The ECB was modeled after the German Bundesbank in that the central bank goal is to follow a rule that only targets inflation. However, there are many who are now trying to alter central bank rules so that they can help aid countries such as Greece, Ireland, Portugal, Spain and Italy. The ECB has been conducting bond purchases in recent months aimed at helping these ailing countries, but the purchases have been sterilized through facilities which drain liquidity from the system. Bond purchases in the euro-area have been sterilized unlike in the U.S. where bond purchases have been conducted and expanded the Fed’s balance sheet.
The danger of stopping sterilization is the German’s fear of runaway inflation. However the alternative might be very costly as well. If the ECB does not do additional intervention, there is a looming threat that the euro might fall apart. There is no plan in place for any country to leave the euro, and a disorderly unwinding might lead to widespread bank runs as either all the rich or poor countries abandon the common currency. The ECB has been running a stabilization fund that is hoped to help keep the euro from collapsing, but there are fears that the fund is not large or stable enough to actually help in the medium to long run.
Questions you might answer:
- Do you believe the ECB should stick to its strict goal of inflation targeting, or should they also consider trying to reach full employment across the euro zone.

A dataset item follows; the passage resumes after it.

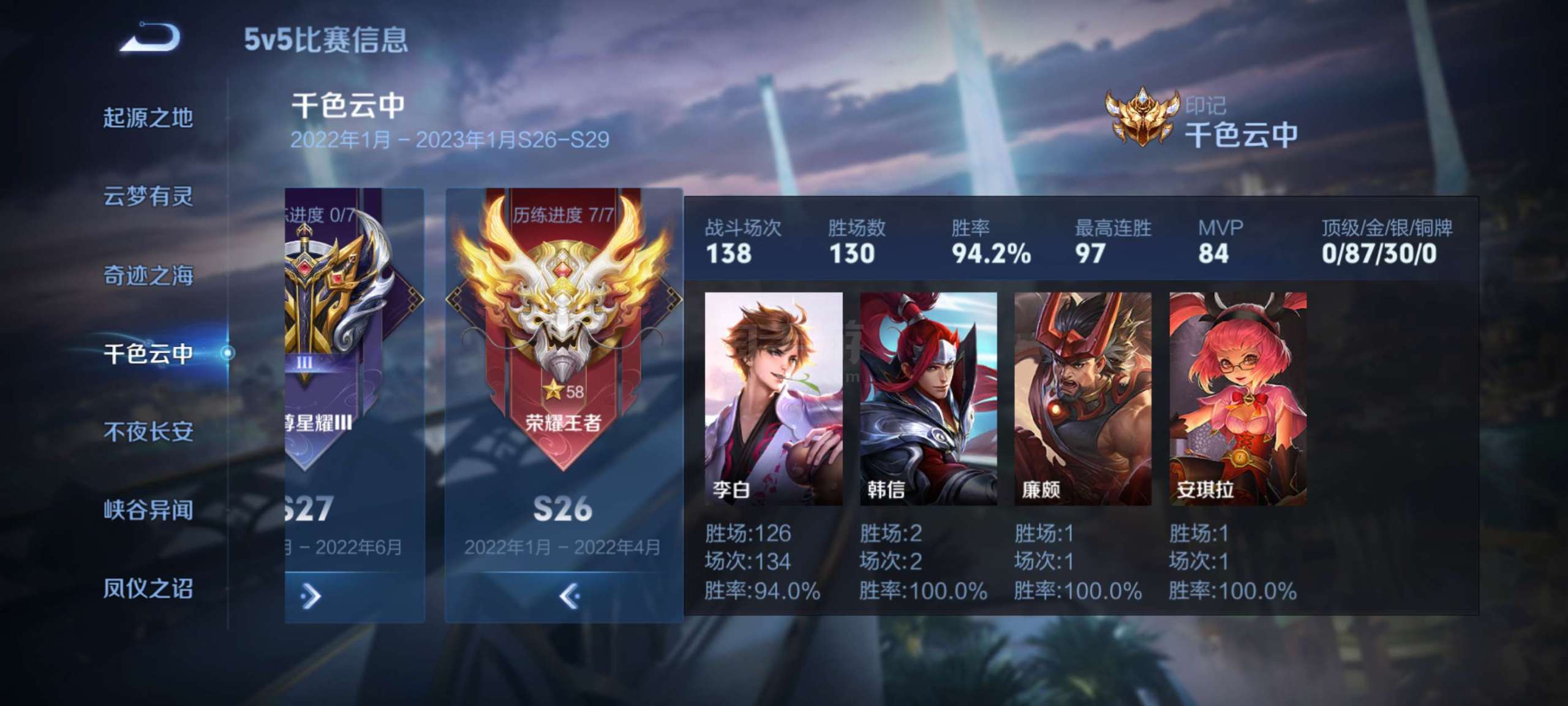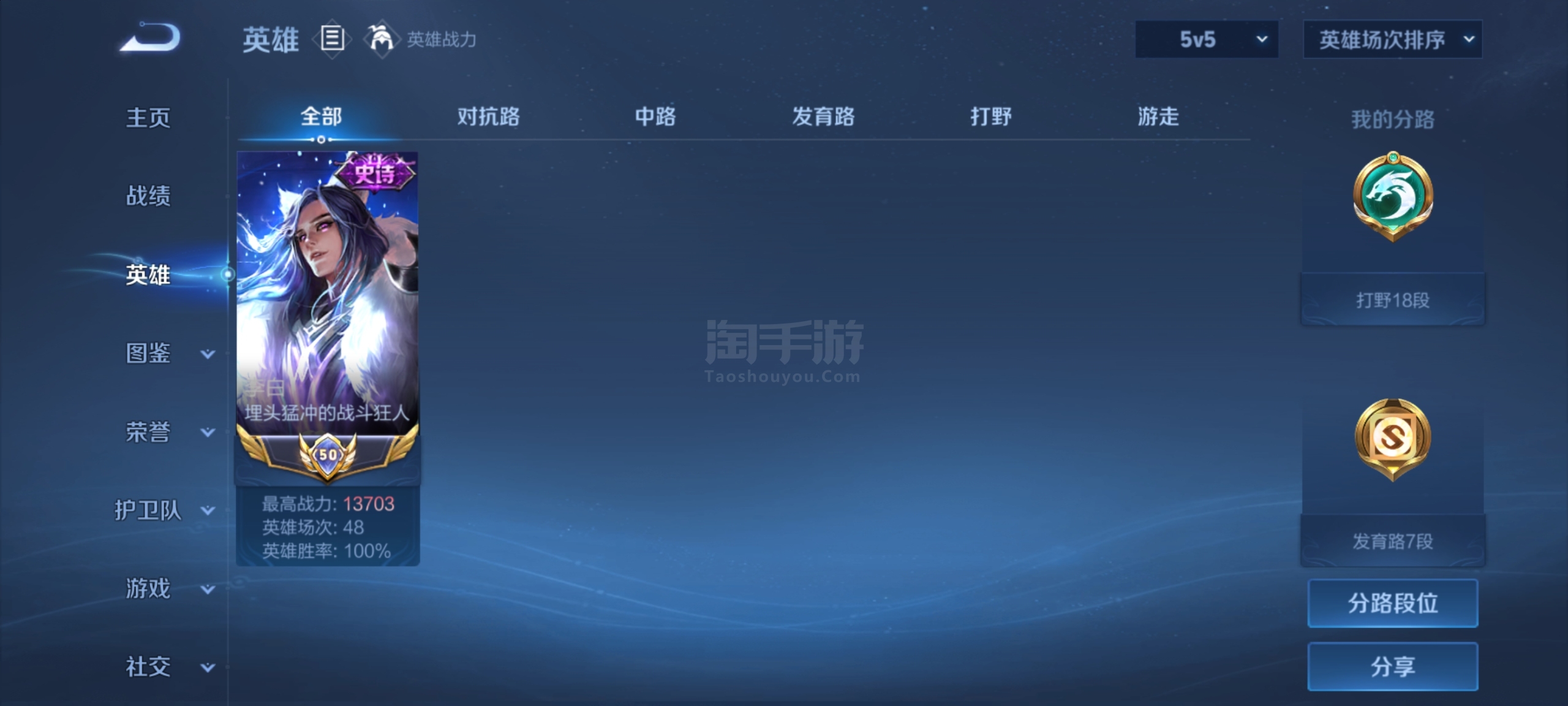 历史全国50强李白,S41赛季48连胜,100%胜率李白

- Should we just allow the euro to collapse? If these countries put themselves in this situation, what reason can you think of for either bailing them out or not? Are they solely to blame for the overspending on real estate and government programs? Or do surplus countries like Germany share the blame? Does the possibility of forcing debtor countries to work and repay their debts in the long run have any potential consequences?
- What problems might arise if the ECB dropped their strict inflation target? Are we guaranteed to experience runaway inflation?